ODP Leg 198 Sites 1207, 1208, 1212, 1213, and 1214 on Shatsky Rise yielded the most continuous Early Cretaceous nannoplankton record yet retrieved from the Pacific Ocean and provide valuable data concerning the evolutionary succession and paleobiogeography of the largest Cretaceous marine habitat (Table T9).
Mid-Cretaceous sections (Aptian–Cenomanian) were recovered at all sites, and biostratigraphy is relatively straightforward for Zones NC6–NC11. Site 1213 included an apparently complete Berriasian–Hauterivian section, but biostratigraphic dating is problematic due to the absence or rarity of zonal fossils of both Boreal and Tethyan affinity (e.g., nannoconids, C. oblongata, T. verenae, Eiffellithus spp., etc.); Zone NK1–Subzone NC4b were identified. Short Hauterivian (Subzone NC4b) and Barremian (Subzones NC5d–NC5e) sections were also identified at Sites 1214 and 1207, respectively.
Organic-rich claystones and porcellanites dated as Zone NC6 (Aptian) were recovered at Sites 1207, 1213, and 1214 and represent Pacific expressions of OAE1a (Selli event). Older organic-rich claystones at Site 1213, in Sections 198-1213B-15R-1 and 19R-1, are assigned to Zones NK3a (lower Valanginian) and NK2a (Berriasian), respectively, and may be equivalent to organic-rich intervals from the Tethyan area (Mattioli et al., 2000; Bersezio et al., 2002; Brassell et al., 2004).
L. carniolensis is common to abundant throughout and most likely represents an oceanic-adapted taxon. Cold- to temperate-water species such as C. salebrosum, R. parvidentatum, and S. primitivum are entirely absent, indicating the persistence of tropical, warm surface water temperatures. The clearest indication of warm water is provided by the common occurrence of H. irregularis in the mid-Cretaceous, although the putative warm-water taxon, Rhagodiscus asper, is consistently present and often frequent to common. Other Tethyan taxa are absent or rare and sporadically distributed (e.g., C. oblongata, Conusphaera spp., T. verenae, and L. bollii), and other factors, probably related to neritic environments, presumably controlled their distribution. Watznaueria is almost always the most abundant coccolith in these assemblages, as it was globally at this time (Street and Bown, 2000).

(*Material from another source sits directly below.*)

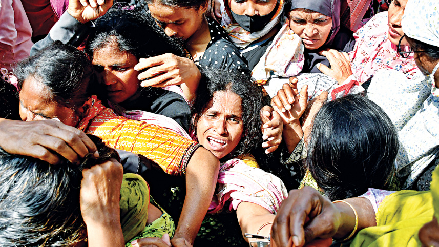 Buyers push and shove for subsidised essential commodities as soon as the TCB truck carrying supplies enough for 200 people arrives in the capital’s Shyamoly area around noon yesterday. Every day, people from low-income groups, who are unable to keep up with the soaring market prices of essentials, wait for hours for TCB trucks at various locations around the capital. Photo: Palash Khan

Site 1213 records extended Early Cretaceous ranges for species previously thought to have become extinct during the Late Jurassic (e.g., A. cylindratus, P. grassei, and B. dorsetensis), suggesting these species became Pacific restricted prior to their extinction, significantly later than their disappearance elsewhere. W. britannica may also have been a species with Pacific affinities before reexpansion of its biogeography in the early Aptian.

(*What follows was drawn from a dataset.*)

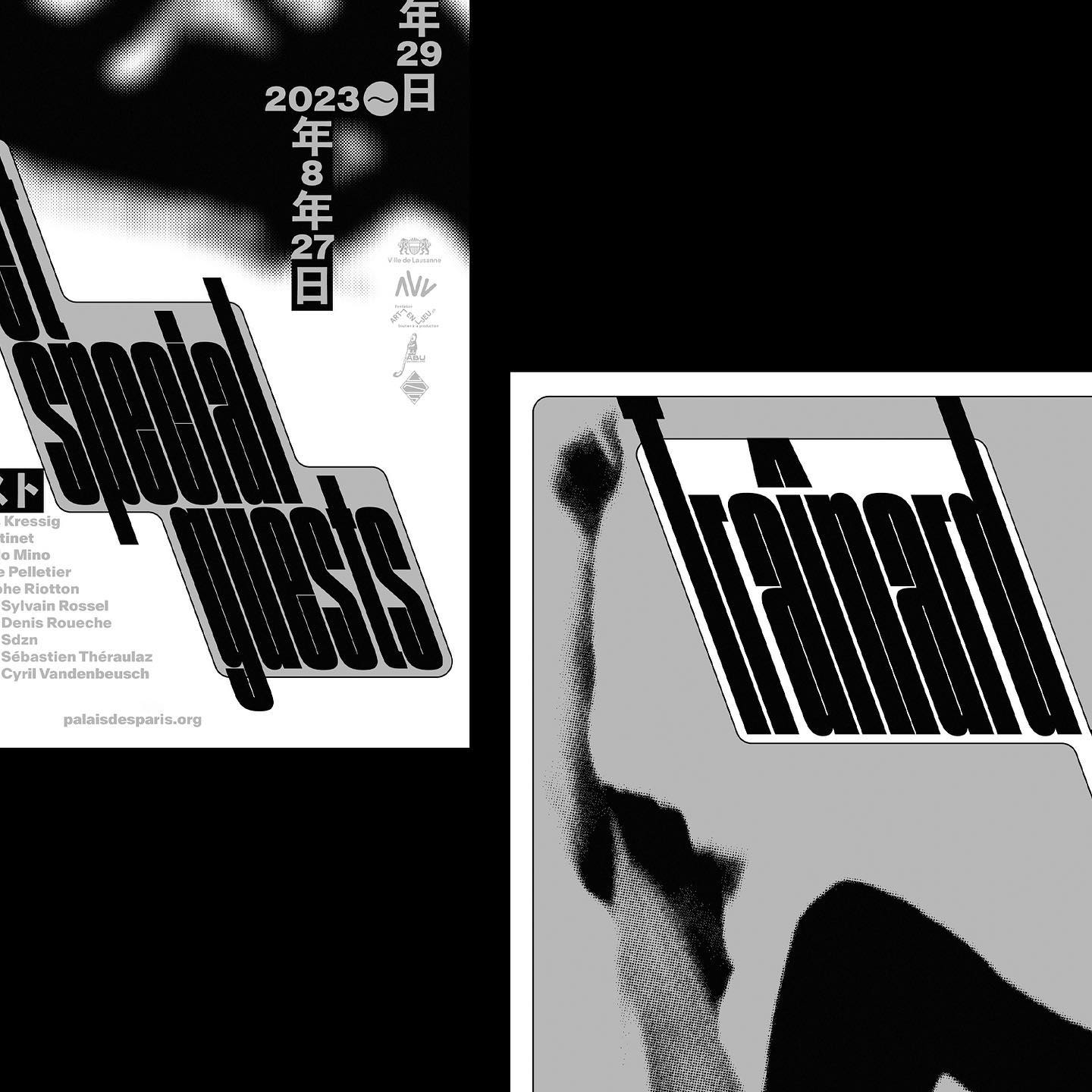 Poster design by Balmer Hählen for the exhibition Traînard, Daniel Ruggiero and special guests at Palais des Paris, Takasaki, Japan.

The most striking feature of the Shatsky Rise Cretaceous assemblages, however, is the virtual absence of Nannoconus and Micrantholithus, both taxa that are conspicuous and often common components of many Tethyan and Atlantic nannofloras. These forms were almost certainly neritic adapted and usually absent in open-ocean settings. Their dispersal and habitation was prevented by oceanic environments, and the distribution of nannoconids in particular may have been directly controlled by water depth itself, perhaps by the presence of a benthic life cycle stage. Discussion of the global biogeochemical significance of declines in this group should be tempered by the fact that they were absent from much of the Cretaceous marine ecosystem. Micrantholithus and other typically Tethyan taxa (C. oblongata, Conusphaera spp., T. verenae, and L. bollii) may also have been neritic adapted, excluded from most truly oceanic environments away from guyots and atolls.
One new genus (Mattiolia) and thirteen new species (Zeugrhabdotus clarus, Zeugrhabdotus petrizzoae, Helicolithus leckiei, Rhagodiscus amplus, Rhagodiscus robustus, Rhagodiscus sageri, Rhagodiscus adinfinitus, Tubodiscus bellii, Tubodiscus frankiae, Gartnerago ponticula, Haqius peltatus, Mattiolia furva, and Kokia stellata) are described from the Shatsky Rise Lower Cretaceous.